ASSIGNMENT - Everything in the listing below should be repeated exactly, apart from the pictures.

MATERIALS PROVIDED -
+--

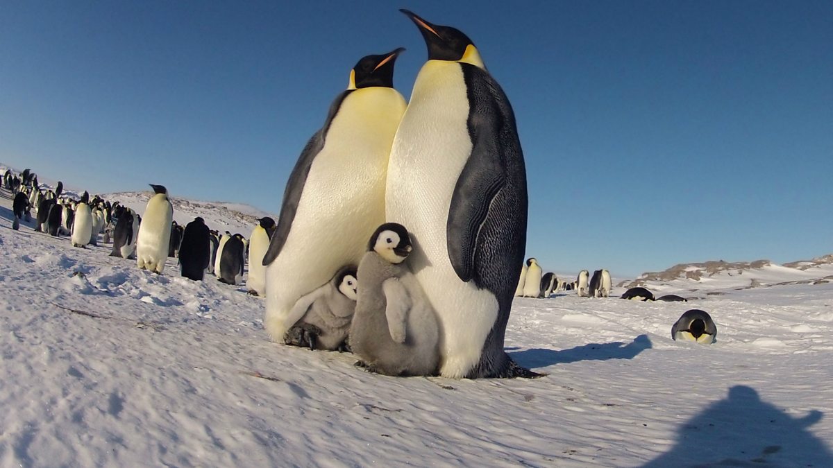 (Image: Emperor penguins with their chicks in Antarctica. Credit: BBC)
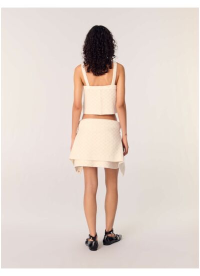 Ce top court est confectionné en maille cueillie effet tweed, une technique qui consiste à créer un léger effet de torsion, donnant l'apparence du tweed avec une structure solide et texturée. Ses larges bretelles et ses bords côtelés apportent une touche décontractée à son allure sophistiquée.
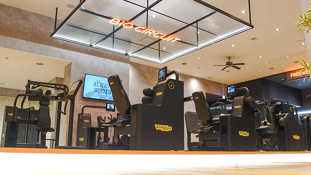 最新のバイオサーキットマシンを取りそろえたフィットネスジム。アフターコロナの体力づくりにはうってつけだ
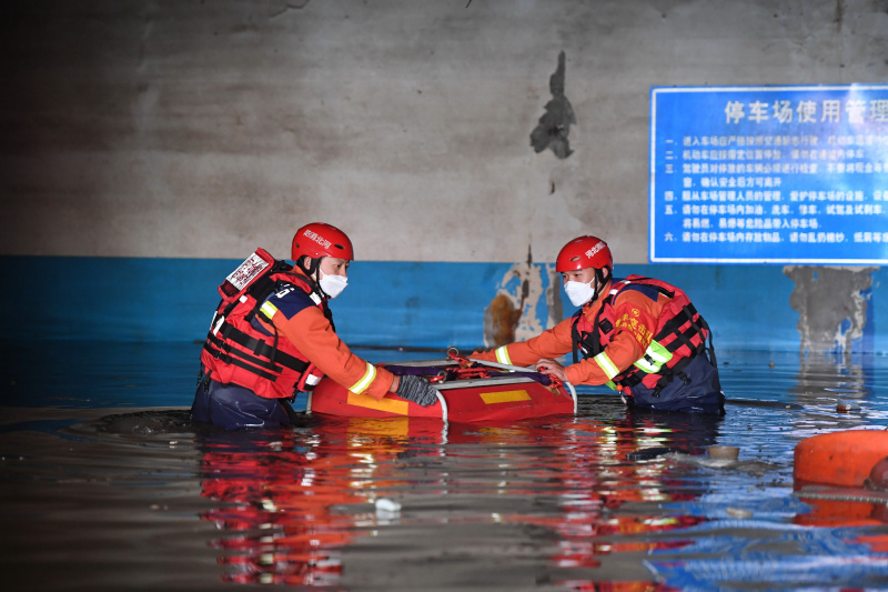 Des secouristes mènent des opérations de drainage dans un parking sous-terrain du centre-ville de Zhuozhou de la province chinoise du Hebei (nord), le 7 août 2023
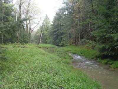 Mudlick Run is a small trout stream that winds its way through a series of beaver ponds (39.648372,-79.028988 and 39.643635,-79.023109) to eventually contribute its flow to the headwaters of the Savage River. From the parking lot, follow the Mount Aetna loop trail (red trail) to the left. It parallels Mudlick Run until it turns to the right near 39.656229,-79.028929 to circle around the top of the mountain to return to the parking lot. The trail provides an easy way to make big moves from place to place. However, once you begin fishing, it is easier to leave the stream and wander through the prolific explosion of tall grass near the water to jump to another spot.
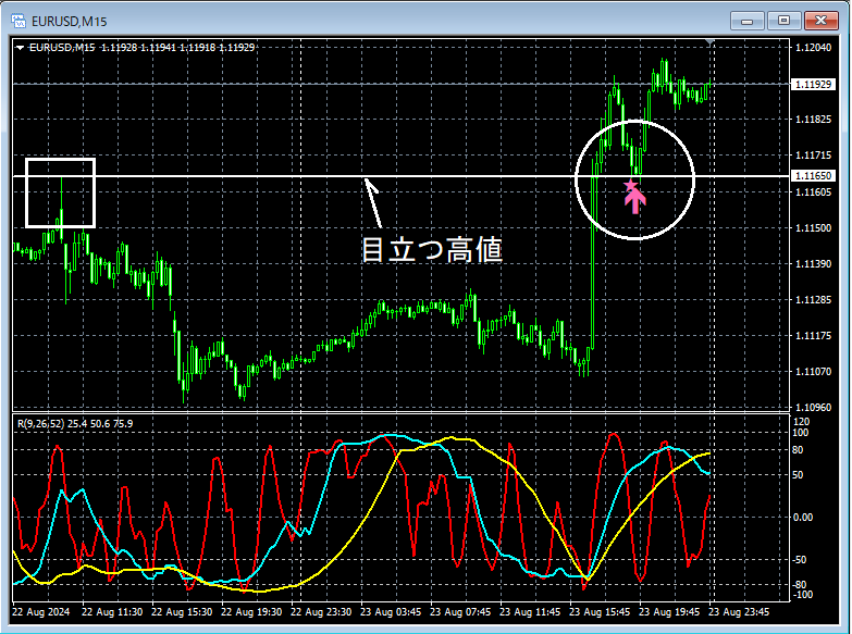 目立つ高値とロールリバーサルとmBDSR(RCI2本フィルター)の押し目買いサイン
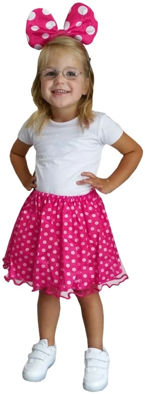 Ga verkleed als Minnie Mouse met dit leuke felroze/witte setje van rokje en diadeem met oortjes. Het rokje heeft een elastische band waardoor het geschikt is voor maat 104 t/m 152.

+--

YOUR SOLUTION -
 (Image: Emperor penguins with their chicks in Antarctica. Credit: BBC)
 Ce top court est confectionné en maille cueillie effet tweed, une technique qui consiste à créer un léger effet de torsion, donnant l'apparence du tweed avec une structure solide et texturée. Ses larges bretelles et ses bords côtelés apportent une touche décontractée à son allure sophistiquée.
 最新のバイオサーキットマシンを取りそろえたフィットネスジム。アフターコロナの体力づくりにはうってつけだ
 Des secouristes mènent des opérations de drainage dans un parking sous-terrain du centre-ville de Zhuozhou de la province chinoise du Hebei (nord), le 7 août 2023
 Mudlick Run is a small trout stream that winds its way through a series of beaver ponds (39.648372,-79.028988 and 39.643635,-79.023109) to eventually contribute its flow to the headwaters of the Savage River. From the parking lot, follow the Mount Aetna loop trail (red trail) to the left. It parallels Mudlick Run until it turns to the right near 39.656229,-79.028929 to circle around the top of the mountain to return to the parking lot. The trail provides an easy way to make big moves from place to place. However, once you begin fishing, it is easier to leave the stream and wander through the prolific explosion of tall grass near the water to jump to another spot.
 目立つ高値とロールリバーサルとmBDSR(RCI2本フィルター)の押し目買いサイン
 Ga verkleed als Minnie Mouse met dit leuke felroze/witte setje van rokje en diadeem met oortjes. Het rokje heeft een elastische band waardoor het geschikt is voor maat 104 t/m 152.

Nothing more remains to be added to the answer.